Krieg indicated that Checkmate’s direct competitors working at developing CpG oligonucleotides in conjunction with checkpoint inhibitors are Dynavax and Idera Pharmaceuticals . Dynavax recently inked a deal with Merck to initiate two clinical trials with Merck’s anti-PD-1 therapy, Keytruda, and Dynavax’s MK-1966, an anti-interleukin-10 (anti-IL-10) immunomodulator and its toll-like receptor 9 (TLR9) agonist, SD-101. Idera announced in November that it had new preclinical data of its IMO-2125, a synthetic oligonucleotide-based agonist of Toll-like receptor 9 in combination with an anti-PD-1 monoclonal antibody for colon cancer.
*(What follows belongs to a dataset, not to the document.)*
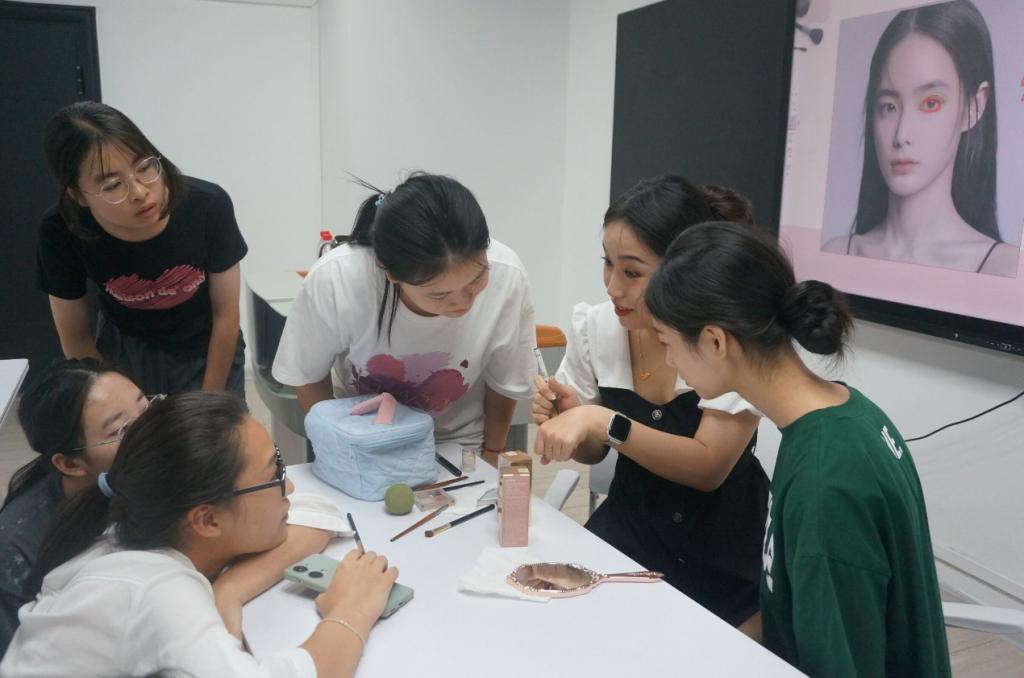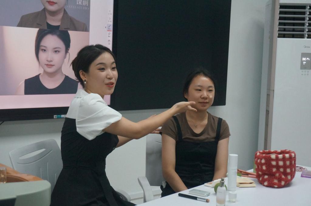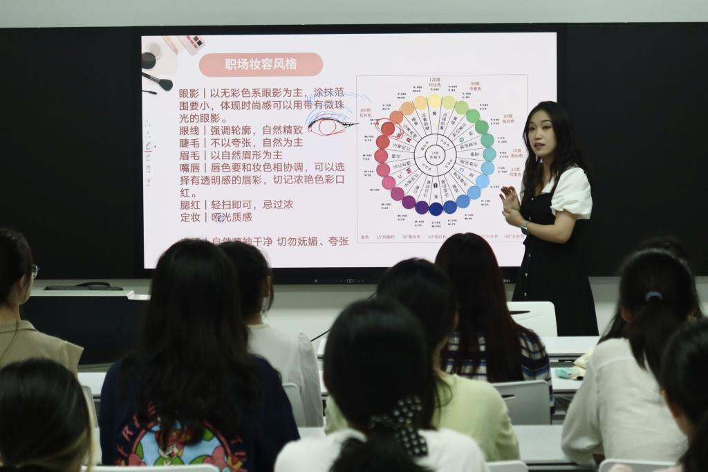 樊明焱老师从理论知识分享与现场实践演练两个方面展开培训,先以“三庭五眼”等相关美妆基础知识讲解来带领大家认识自身化妆条件,鼓励同学们通过多尝试去寻找属于自己的化妆风格,多练习以掌握扬长避短的化妆技巧,达到令人眼前一亮的职场妆容。她提醒道:“职场妆容是符合工作环境与特点,表现理智与成熟的化妆妆容”,并借色相环中不同色调,向同学们介绍妆色、妆感差异给人带来的不同影响,分析了无效化妆的原因所在。同时,我院学生积极实践,根据樊明焱老师的亲自示范,以及逐个的面部特点分析与妆容妆面定制,充分认知自我,在探索出属于自己的职场妆容风格之余,更提升了气质增强了自信。活动反响热烈,与会学生收获良多。
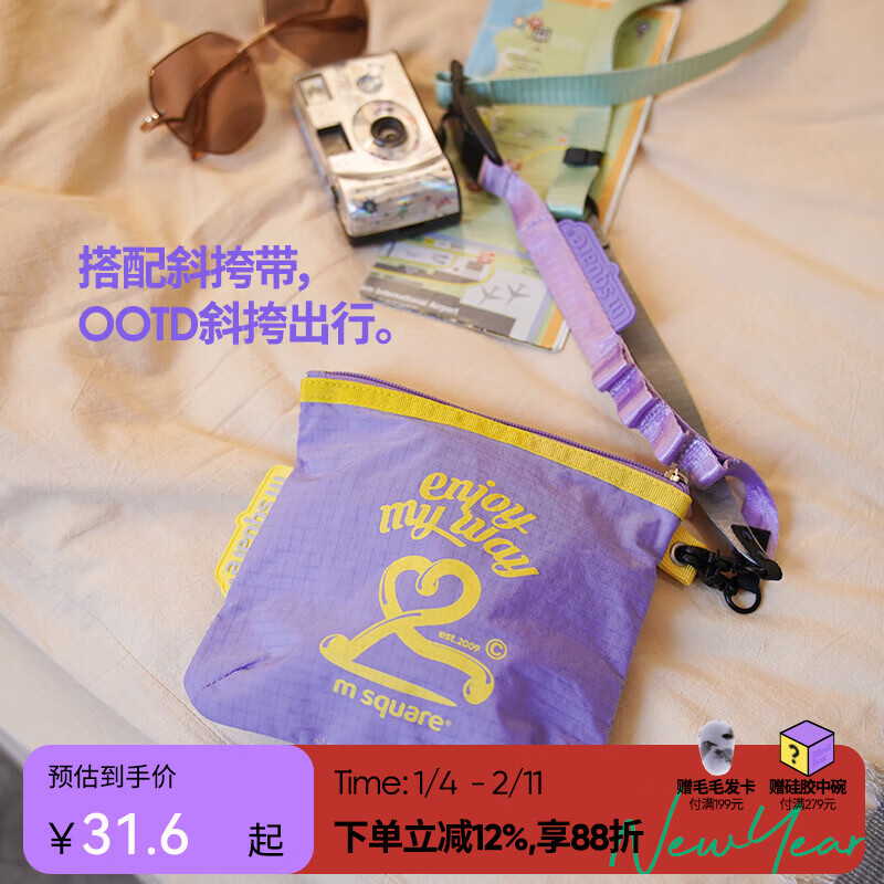M Square便携化妆包外出薄款多功能收纳袋口红化妆品收纳包轻量化出差旅行 熏衣紫S【不含挂绳】

The company expects to start its first clinical study by the end of 2015.

Dollars and Deals
Aside from the recent Series A round, Checkmate acquired a clinically validated virus-like particle (VLP) platform from Cytos Biotechnology, which included CYT003 and other technologies.

What to Look For
The company’s focus is on proving that its technology and theories work, and all eyes will be on its clinical trial for CMP001. “As I look at the cancer immunotherapy space, what has really revolutionized things is the checkpoint inhibitors. I look at CAR-T cells and all the excitement, which is really justified, because they cause a response in patients who otherwise don’t respond, " Krieg said. “But it’s a very complex individualized therapy and what makes us excited about our approach compared to CAR-T and other individualized therapies that other companies are talking about is we’re a more universalized, one-size-fits-all approach without having to purify T cells from a patient without having to sequence their tumors and identify the antigens in the tumor…. That’s our theory and we hope to have clinical data on whether we’re right in the next year.”